In terms of my blog, sorry about the techno babble, but it can't be helped. I try to lead people into the technical discussion by first writing some background articles - I usually mention those articles when heading into really nasty territory - follow the links.

Byron Nelson said...

Many thanks for the advice. I first went through and removed every shortcut that existed that refered to any of the duplicates. I removed all the duplicates from the command prompt, with the documents in the correct place, I clicked its properties and used the Return to Default button to set it back to its normal place (which is where it was at the moment). So far, I've only one copy!

Thanks for your blog, not much showed up that was useable in my, somewhat limited, google search.

This was really frustrating given that I just spent 2 days reinstalling vista, my software, and all its updateds due to a mysterious hang on CrcDisk.sys issue that seems to plauge some laptop owners. I had to do a full system restore to get my system back. Then, thinking I've got a clean bug free updated system, pow.. multiple Document folders.


Gordon Martin said...

We've had to do more than our share of OS builds ourselves. Not nice when the whole process can take the better part of a day now.

Rebuilds become necessary because Vista seems so unpredictable with all the branching decisions it makes. But Microsoft has failed to write any documentation to describe any of those behaviours so your left with no ability to fix anything when it goes squirley. This happened to me often enough that I realized this blog was necessary.

CSC is a good example. I've actually been trying to write an article on CSC for a good 6 months now - but I've been trying to get more useful information on the behaviours out of Microsoft. Those efforts have been fruitless so I'm just going to have to write what I do know soon.

Glad I could help.

Bud said...

Hi there,
Just wondering if you ever came across a situation where running the "RD %UserProfile%\FolderName" command just comes back with an "Access Denied" message on all folders? Deleting the folders from Windows Explorer works fine, but not from a cmd prompt!

Gordon Martin said...

I see that exact same behaviour if I try to delete a folder that is still being used as a User Files Folder. But if I have redirected a User Files Folder to a network server, I have no trouble deleting the old local copy using CMD.
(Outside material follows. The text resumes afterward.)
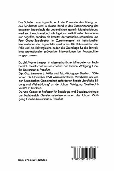 Die hier vorgelegte Untersuchung iiber LebensHiufe marginalisierter Jugendli cher wurde im Rahmen eines Forschungs-und Weiterbildungsprojektes an der Johann-Wolfgang Goetbe-Universitlit in FrankfurtlMain von den Autoren durch gefiihrt. Renate Dichmann und Martin Ehlert haben an den g~meinsamen Inter pretationssitzungen des Projektes teilgenommen. Ihnen verdanken wir wertvolle Anregungen. Finanziell unterstiitzt wurde das Projekt vom EG-Sozialfonds und der Stiftung "Hilfe zur Selbsthilfe" der Deutschen Bank. Dank schulden wir in erster Linie den von uns befragten Jugendlichen, die bereit waren, uns, zum Teil sehr pers6nliche, biographische Erlebnisse und Erfahrungen zu erzlihlen. Wert volle Hinweise fUr unsere Forschungsarbeit verdanken wir auch Ulrich Oever mann. In den Fallanalyseseminaren der von uns durchgefiihrten Weiterbildung konnten wir auch von den beruflichen Erfahrungen der Kursteilnehmer, die mit arbeitslosen und marginalisierten Jugendlichen arbeiteten, profitieren. Einleitung A'IIo Combe 1m Gegensatz zu manchen euphorischen Aonahmen im Rahmen des sogenann ten Individualisierungs-Theorems treten bei der hermeneutischen Fallrekon struktion scheitemder Bildungs- und AusbildungsverHiufe Jugendlicher zu nlichst die Zwlinge hervor, die modemen gesellschaftlichen Rationalisierungs formen - bis in die inneren Entfaltungsgesetzlichkeiten jugendlicher Praxen hinein - innewohnen. Die Frage nach resistenten Verarbeitungsformen bedarf einer differenzierten und - wie wir meinen - fallspezifischen Rekonstruktion und Diskussion. Wir werden auf diese Thesen noch zuriickkommen. Diese Untersuchung ist Teil des von der EG finanzierten Forschungs-und Weiterbildungsprojekts "Berufliche Bildung und Berufsberatung" , das wir yom 01. 12. 1987 bis zum 30. 11. 1990 durchftihrten.

It's probably good that CMD protects you from deleting folders that are still in use. I'm not sure why Explorer allows it to happen though!

I wouldn't recommend deleting folders that are still being used for User Files Folders because there are system variables that take programs right to those locations. I don't know what would happen if they were missing.

Anonymous said...

When I use:
dir /ad
[JUNCTION] My Music [C:\Users\[user]\Music]
[JUNCTION] My Pictures [C:\Users\[user]\Pictures]
[JUNCTION] My Videos [C:\Users\[user]\Videos]

So it seems there are junction points in the folder that prevents it from being deleted from the CMD and also by using RD. From File Explorer it works fine. Not so good when trying to clean up from GPO. How do I prevent these junction points from being created?

Anonymous said...

Well ok, the Documents folder can be removed if you redirect the Pictures, Videos and Music folder to follow Documents folder. Thanks for sharing this particular problem that is difficult to get rid off.
I would recommend on Windows Server 2008 and Vista to also remove the %USERPROFILE%\Music, %USERPROFILE%\Pictures and %USERPROFILE%\Videos folders while these are also available as redirected folders inside the redirected Documents.